From cycling to lifting weights, yoga to swimming, there are all kinds of different ways to exercise – but what about walking?
A doctor has gone viral on TikTok after slamming a ridiculous claim that walking isn’t exercise, which he explains is very damaging.
Story by Ellissa Bain | The Focus
Dr. Idrees Mughal, better known as Dr. Idz, responded to a video in which a woman said: “Walking is great, but do not count that as exercise.”
The medical professional clapped back at the opinion, saying not classifying walking as exercise is “objectively wrong.”
He showed a definition of the word ‘exercise’ and said: “Walking literally is an activity that requires physical effort carried out to sustain or improve health and fitness.”
The doctor then recalled a 2022 report on daily steps and all-cause mortality which proves the health benefits of walking. It analysed 15 previous studies and found that taking more steps is associated with a lower risk of death.
“We see that walking under about 3,000 steps a day does increase your risk of death from all causes,” he explained. “If you start from zero and increase your steps by 1,000, that risk comes down by about 30% and so on.”
“You get a tremendous protective effect just from walking. More than 50% reduction in all cause mortality,” he continued.
The doctor explained that many can’t tolerate high-intensity exercise, like those with joint and respiratory issues, and described the mindset that walking isn’t exercise as “ableist” and “disheartening” for those people.
Health benefits of walking for exercise
Medline Plus explains that walking at least 30 minutes a day decreases the risk of heart attacks, stroke, hypertension, some cancers, osteoporosis and obesity. It’s a simple, free and easy way to get active, and you can notice huge benefits such as better control of your weight and improved sleep.
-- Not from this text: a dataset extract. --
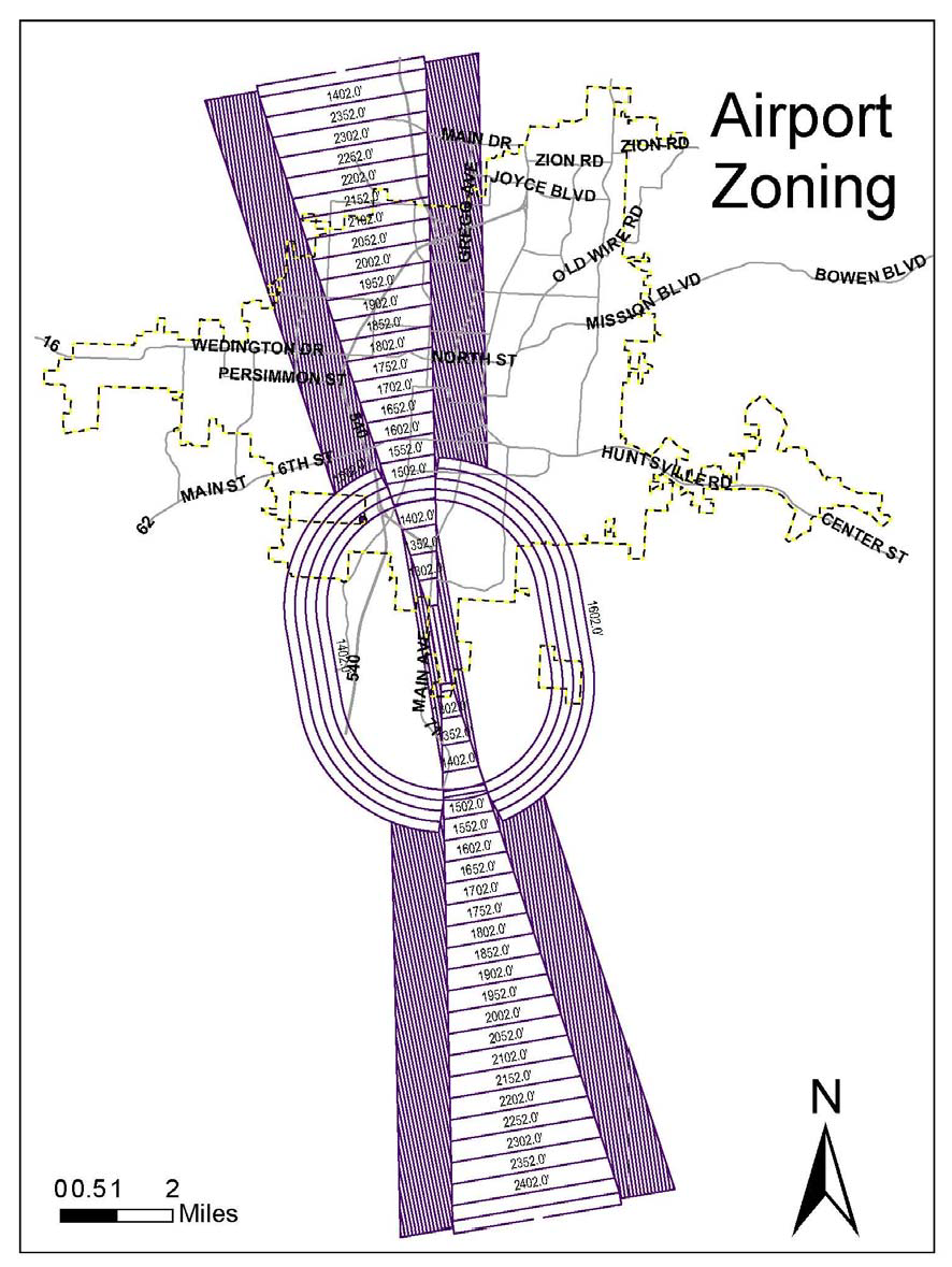 There are hereby created and established zones, which zones include all the land lying beneath the approach surfaces, transitional surfaces, horizontal surfaces, and conical surfaces as they apply to the municipal airport. Said zones are shown on the airport zoning map consisting of one sheet, which shall be made a part hereof by reference. An area located in more than one of the following zones is considered to be only in the zone with the more restrictive height limitation. The various zones are hereby established and defined as follows:

Walking can also improve your fitness, making it easier to do everyday activities, increase confidence and lower risk for heart disease, diabetes, and high blood pressure. On top of that, it can be great for your mental health too, easing symptoms of anxiety and depression.
You don’t have to go to the gym to exercise, and physical activity can easily be built into your regular routine. For example, you could start taking the stairs instead of the elevator at work, or go on a 20 minute walk on your lunch break.
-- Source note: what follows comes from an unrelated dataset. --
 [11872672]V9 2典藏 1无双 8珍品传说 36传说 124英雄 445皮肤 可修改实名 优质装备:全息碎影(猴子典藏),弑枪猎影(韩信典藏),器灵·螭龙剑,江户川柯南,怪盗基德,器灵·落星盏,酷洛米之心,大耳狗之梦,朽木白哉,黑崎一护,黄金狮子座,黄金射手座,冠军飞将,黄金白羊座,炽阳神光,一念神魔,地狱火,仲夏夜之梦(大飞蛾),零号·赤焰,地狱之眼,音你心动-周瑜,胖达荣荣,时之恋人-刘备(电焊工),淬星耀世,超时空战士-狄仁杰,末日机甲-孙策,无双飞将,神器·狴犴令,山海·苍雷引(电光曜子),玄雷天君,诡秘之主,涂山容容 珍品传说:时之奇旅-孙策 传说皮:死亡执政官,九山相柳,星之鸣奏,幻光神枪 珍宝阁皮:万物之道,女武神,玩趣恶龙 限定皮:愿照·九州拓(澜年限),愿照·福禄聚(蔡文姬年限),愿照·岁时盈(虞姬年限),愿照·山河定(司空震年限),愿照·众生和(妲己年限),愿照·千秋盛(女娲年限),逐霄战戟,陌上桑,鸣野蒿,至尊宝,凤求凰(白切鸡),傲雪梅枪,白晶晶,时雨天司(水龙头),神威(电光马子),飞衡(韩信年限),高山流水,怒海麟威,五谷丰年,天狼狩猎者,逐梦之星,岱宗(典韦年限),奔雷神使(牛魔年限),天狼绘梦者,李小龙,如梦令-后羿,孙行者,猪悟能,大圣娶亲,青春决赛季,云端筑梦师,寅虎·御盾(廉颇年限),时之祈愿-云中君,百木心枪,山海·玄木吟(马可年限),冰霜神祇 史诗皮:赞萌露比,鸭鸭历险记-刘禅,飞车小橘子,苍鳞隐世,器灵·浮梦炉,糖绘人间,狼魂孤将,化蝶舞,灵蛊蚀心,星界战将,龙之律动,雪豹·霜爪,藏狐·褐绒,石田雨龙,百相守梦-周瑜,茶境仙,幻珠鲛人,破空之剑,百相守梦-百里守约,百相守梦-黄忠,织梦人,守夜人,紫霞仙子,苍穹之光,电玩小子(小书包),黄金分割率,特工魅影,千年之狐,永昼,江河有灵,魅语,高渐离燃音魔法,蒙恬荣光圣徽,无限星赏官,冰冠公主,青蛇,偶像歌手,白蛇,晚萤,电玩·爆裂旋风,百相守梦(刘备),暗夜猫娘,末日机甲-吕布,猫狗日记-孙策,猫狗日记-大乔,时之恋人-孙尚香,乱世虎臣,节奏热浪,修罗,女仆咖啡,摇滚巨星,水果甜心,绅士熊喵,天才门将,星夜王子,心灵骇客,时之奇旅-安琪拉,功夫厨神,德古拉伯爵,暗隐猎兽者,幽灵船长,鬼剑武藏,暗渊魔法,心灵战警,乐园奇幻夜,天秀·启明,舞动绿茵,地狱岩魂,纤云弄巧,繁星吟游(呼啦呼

While running errands, try parking at the far end of the parking lot or down the street, or walk to the store instead if its close enough. At home, doing chores like vacuuming, washing the car, gardening, raking leaves, or shoveling snow are great exercise too.
The Physical Activity Guidelines for Americans recommends that adults do a total of 150 to 300 minutes of moderate-intensity activity per week, 75 to 150 minutes of vigorous activity – or a combination of the two. It also recommends doing strength training twice a week.
Dr. Idrees Mughal (MBBS, MRes, DipIBLM) is a UK-trained Medical Doctor with an additional Master’s degree in Nutritional Research.